▶ Exercise description
All that is needed is an exact copy of the lines from the beginning of the data below through the line containing "This figural inkstand, made", minus the pictures.

▶ Information supplied
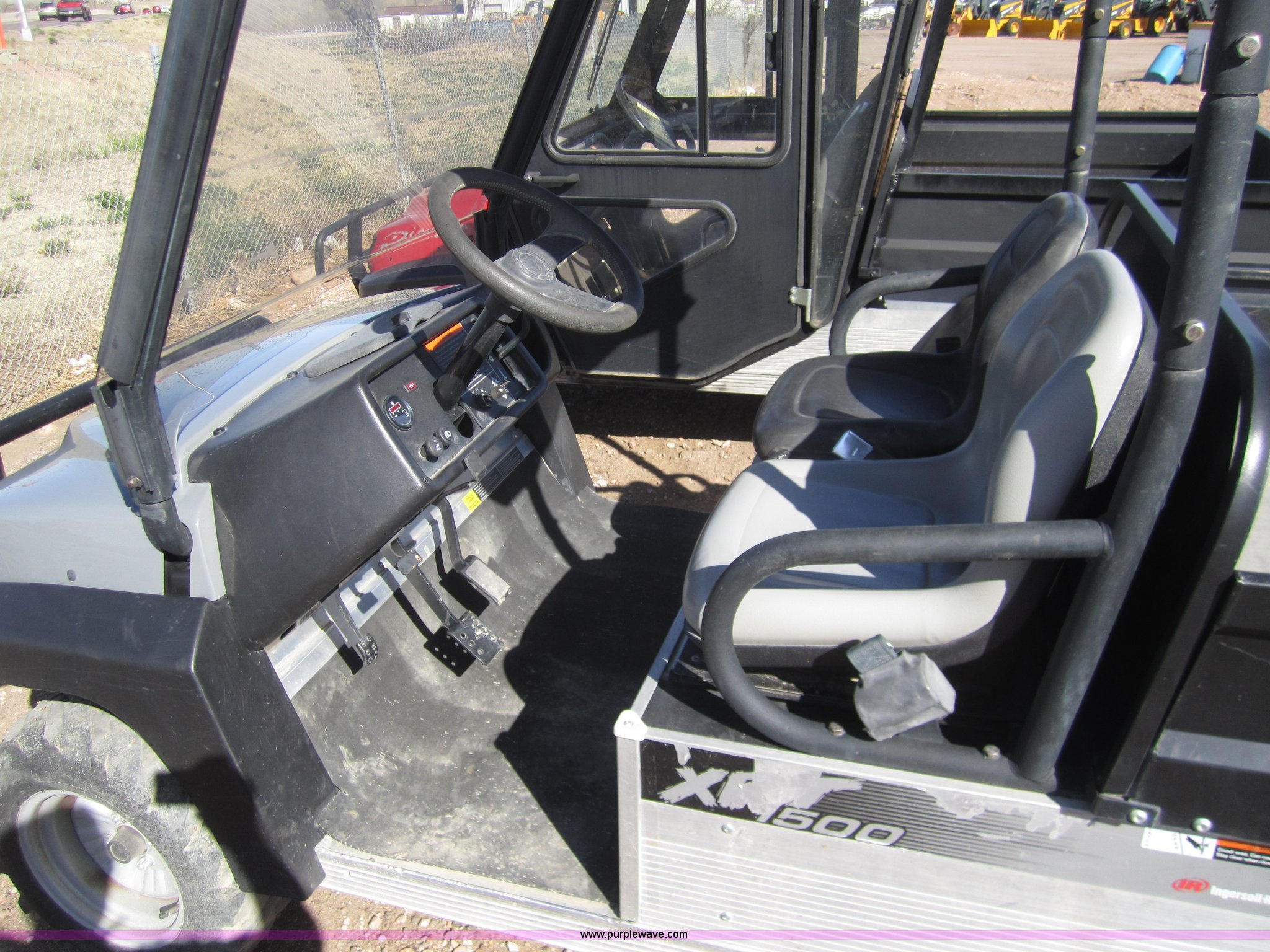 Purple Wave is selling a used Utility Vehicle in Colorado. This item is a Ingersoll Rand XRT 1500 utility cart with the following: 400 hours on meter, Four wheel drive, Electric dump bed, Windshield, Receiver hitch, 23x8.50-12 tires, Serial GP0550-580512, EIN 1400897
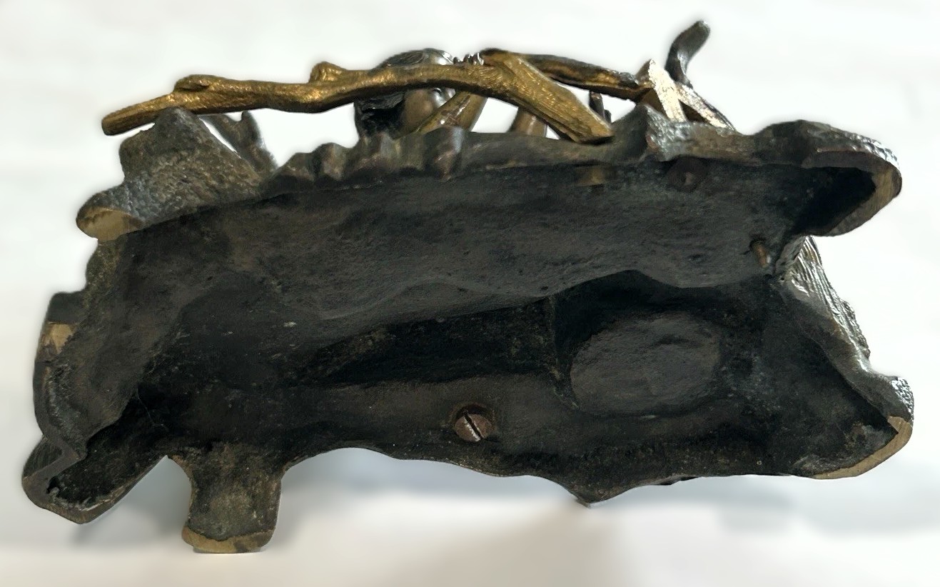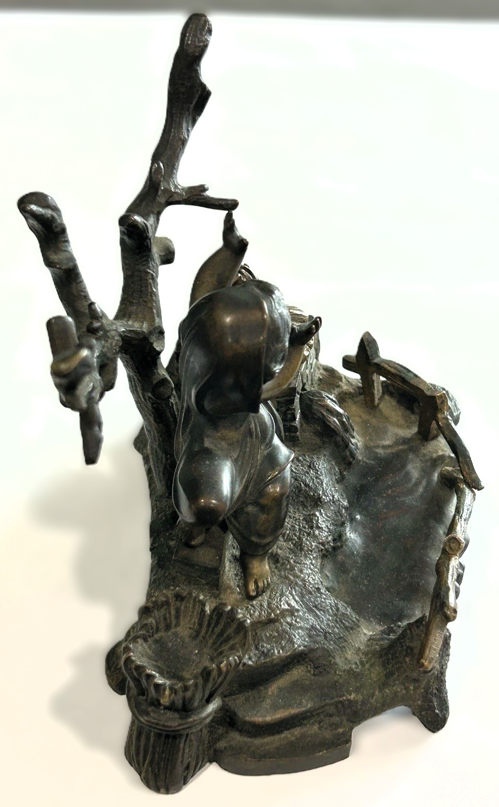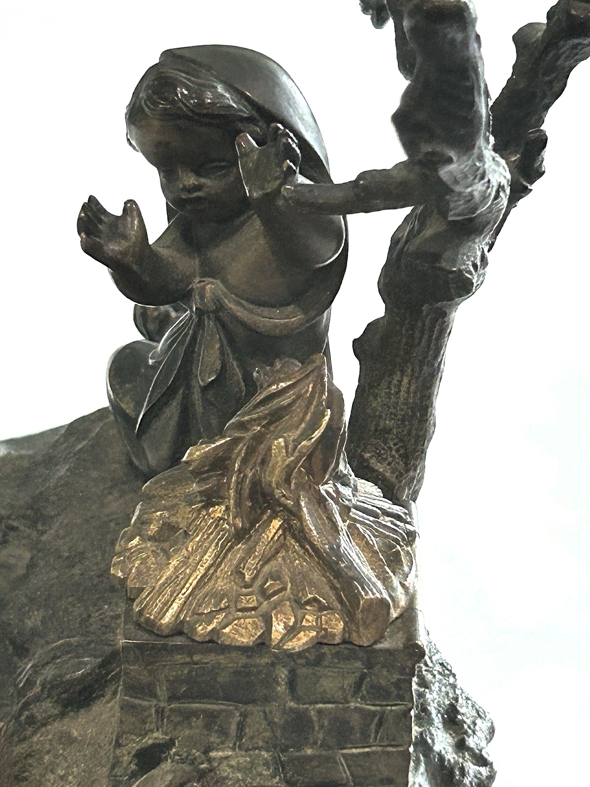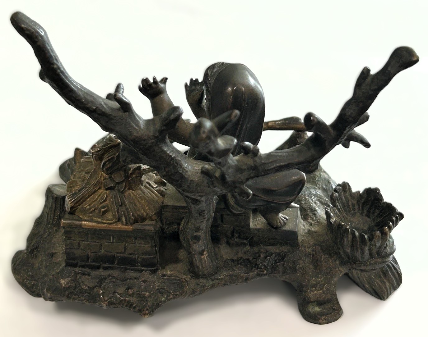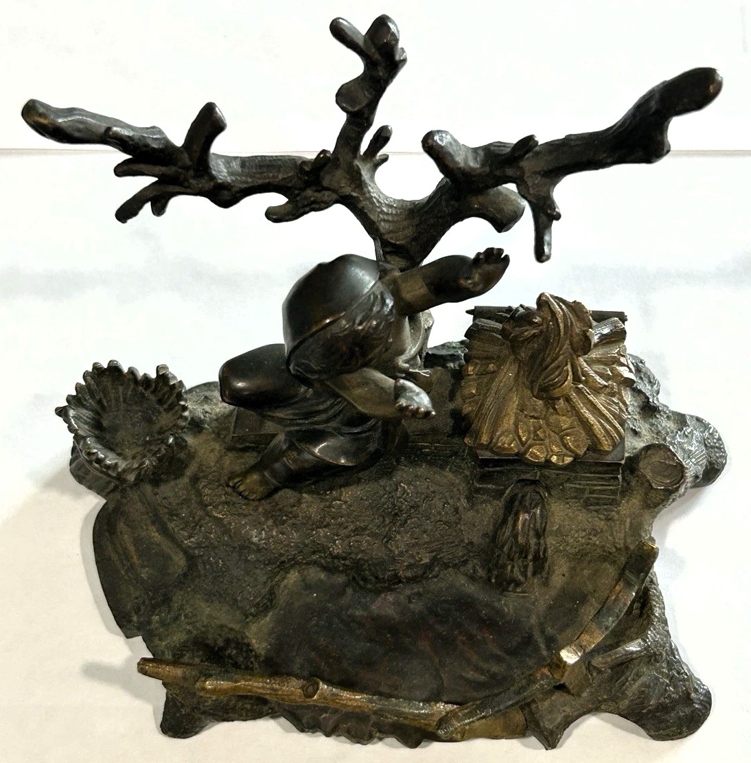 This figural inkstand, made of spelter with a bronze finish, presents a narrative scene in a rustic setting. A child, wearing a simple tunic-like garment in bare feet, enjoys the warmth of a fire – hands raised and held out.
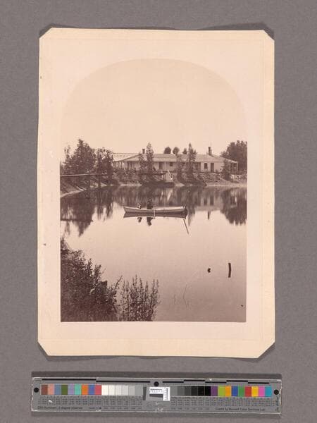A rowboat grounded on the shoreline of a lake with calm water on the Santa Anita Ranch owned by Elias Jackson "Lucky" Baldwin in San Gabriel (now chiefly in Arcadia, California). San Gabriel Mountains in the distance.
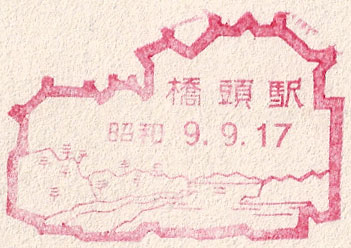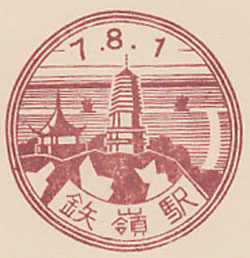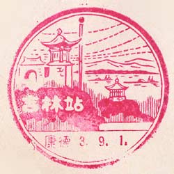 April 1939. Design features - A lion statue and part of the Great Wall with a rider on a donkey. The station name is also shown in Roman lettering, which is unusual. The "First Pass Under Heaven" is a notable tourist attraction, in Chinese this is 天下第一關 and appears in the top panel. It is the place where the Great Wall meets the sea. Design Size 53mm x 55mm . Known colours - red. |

▶ Your response
 Purple Wave is selling a used Utility Vehicle in Colorado. This item is a Ingersoll Rand XRT 1500 utility cart with the following: 400 hours on meter, Four wheel drive, Electric dump bed, Windshield, Receiver hitch, 23x8.50-12 tires, Serial GP0550-580512, EIN 1400897
 This figural inkstand, made of spelter with a bronze finish, presents a narrative scene in a rustic setting. A child, wearing a simple tunic-like garment in bare feet, enjoys the warmth of a fire – hands raised and held out.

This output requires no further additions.